WHAT YOU NEED TO DO: Go through the listing below and write out exactly the lines from the one that mentions "As we approached" through the one that mentions "但是,這種對于消費者的背刺行", minus the pictures.

PROVIDED ENTRIES:

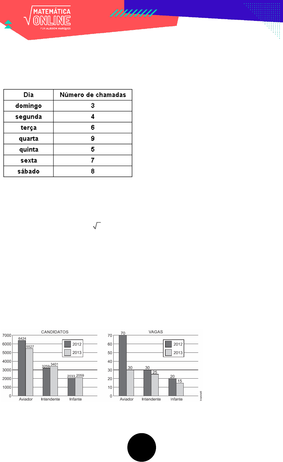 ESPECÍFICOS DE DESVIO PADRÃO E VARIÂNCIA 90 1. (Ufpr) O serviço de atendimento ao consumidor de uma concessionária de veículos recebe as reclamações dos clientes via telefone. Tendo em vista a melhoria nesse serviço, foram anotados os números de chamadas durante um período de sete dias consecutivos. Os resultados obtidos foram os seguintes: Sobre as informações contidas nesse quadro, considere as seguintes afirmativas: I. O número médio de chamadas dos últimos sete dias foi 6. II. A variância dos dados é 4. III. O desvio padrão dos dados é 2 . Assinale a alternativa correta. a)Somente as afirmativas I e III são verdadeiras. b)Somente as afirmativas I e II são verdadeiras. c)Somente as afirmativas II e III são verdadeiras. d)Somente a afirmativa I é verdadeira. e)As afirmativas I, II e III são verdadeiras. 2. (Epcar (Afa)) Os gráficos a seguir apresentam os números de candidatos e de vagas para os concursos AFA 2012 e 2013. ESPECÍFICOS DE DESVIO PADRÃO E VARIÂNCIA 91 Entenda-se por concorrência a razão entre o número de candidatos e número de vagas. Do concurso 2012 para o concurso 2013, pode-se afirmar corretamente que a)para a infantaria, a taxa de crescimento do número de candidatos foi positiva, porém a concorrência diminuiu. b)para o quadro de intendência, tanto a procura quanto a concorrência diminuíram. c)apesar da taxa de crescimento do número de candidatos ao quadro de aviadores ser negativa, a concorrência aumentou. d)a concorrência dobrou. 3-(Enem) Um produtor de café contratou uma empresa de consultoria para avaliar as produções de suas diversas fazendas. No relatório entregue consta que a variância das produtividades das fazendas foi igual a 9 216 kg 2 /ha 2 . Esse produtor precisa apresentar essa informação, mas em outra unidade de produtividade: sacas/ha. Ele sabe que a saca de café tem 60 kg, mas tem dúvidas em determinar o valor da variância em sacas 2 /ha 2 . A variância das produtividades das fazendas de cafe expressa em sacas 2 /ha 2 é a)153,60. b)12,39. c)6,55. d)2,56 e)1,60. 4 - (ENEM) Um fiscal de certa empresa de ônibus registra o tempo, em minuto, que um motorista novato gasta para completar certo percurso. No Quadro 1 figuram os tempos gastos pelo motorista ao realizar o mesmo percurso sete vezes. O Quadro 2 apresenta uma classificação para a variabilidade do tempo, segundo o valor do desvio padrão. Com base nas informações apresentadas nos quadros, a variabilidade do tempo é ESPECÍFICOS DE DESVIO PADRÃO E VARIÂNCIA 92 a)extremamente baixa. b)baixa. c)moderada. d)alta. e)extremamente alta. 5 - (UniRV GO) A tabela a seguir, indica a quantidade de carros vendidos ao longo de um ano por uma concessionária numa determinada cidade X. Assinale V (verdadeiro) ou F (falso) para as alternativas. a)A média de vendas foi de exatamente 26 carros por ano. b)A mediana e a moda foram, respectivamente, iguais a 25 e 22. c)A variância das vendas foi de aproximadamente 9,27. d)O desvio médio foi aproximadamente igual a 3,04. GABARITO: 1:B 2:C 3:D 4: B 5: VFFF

---

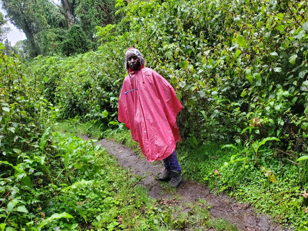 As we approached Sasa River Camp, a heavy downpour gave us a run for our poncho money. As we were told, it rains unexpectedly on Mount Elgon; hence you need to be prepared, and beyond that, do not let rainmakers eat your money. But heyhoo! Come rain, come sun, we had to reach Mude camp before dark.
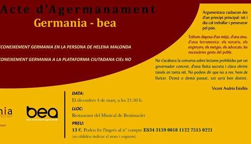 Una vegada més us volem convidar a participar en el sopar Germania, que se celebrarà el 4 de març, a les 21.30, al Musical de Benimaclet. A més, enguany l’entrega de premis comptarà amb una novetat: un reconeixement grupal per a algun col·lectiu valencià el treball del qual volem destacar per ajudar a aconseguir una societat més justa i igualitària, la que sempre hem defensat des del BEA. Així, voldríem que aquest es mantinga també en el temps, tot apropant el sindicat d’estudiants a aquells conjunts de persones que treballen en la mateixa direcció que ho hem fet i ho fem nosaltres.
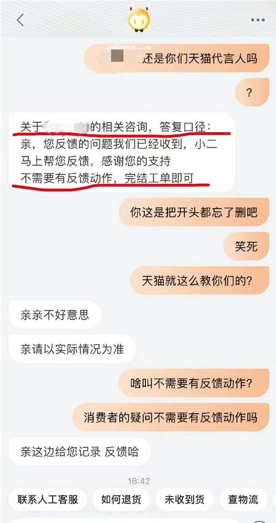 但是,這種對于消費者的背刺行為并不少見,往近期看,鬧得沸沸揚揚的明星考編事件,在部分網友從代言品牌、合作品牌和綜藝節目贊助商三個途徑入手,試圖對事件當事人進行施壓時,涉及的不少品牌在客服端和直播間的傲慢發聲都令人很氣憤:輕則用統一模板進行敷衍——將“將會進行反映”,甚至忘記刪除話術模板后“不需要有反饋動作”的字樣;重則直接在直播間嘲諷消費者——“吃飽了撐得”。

FINAL ANSWER:
 As we approached Sasa River Camp, a heavy downpour gave us a run for our poncho money. As we were told, it rains unexpectedly on Mount Elgon; hence you need to be prepared, and beyond that, do not let rainmakers eat your money. But heyhoo! Come rain, come sun, we had to reach Mude camp before dark.
 Una vegada més us volem convidar a participar en el sopar Germania, que se celebrarà el 4 de març, a les 21.30, al Musical de Benimaclet. A més, enguany l’entrega de premis comptarà amb una novetat: un reconeixement grupal per a algun col·lectiu valencià el treball del qual volem destacar per ajudar a aconseguir una societat més justa i igualitària, la que sempre hem defensat des del BEA. Així, voldríem que aquest es mantinga també en el temps, tot apropant el sindicat d’estudiants a aquells conjunts de persones que treballen en la mateixa direcció que ho hem fet i ho fem nosaltres.
 但是,這種對于消費者的背刺行為并不少見,往近期看,鬧得沸沸揚揚的明星考編事件,在部分網友從代言品牌、合作品牌和綜藝節目贊助商三個途徑入手,試圖對事件當事人進行施壓時,涉及的不少品牌在客服端和直播間的傲慢發聲都令人很氣憤:輕則用統一模板進行敷衍——將“將會進行反映”,甚至忘記刪除話術模板后“不需要有反饋動作”的字樣;重則直接在直播間嘲諷消費者——“吃飽了撐得”。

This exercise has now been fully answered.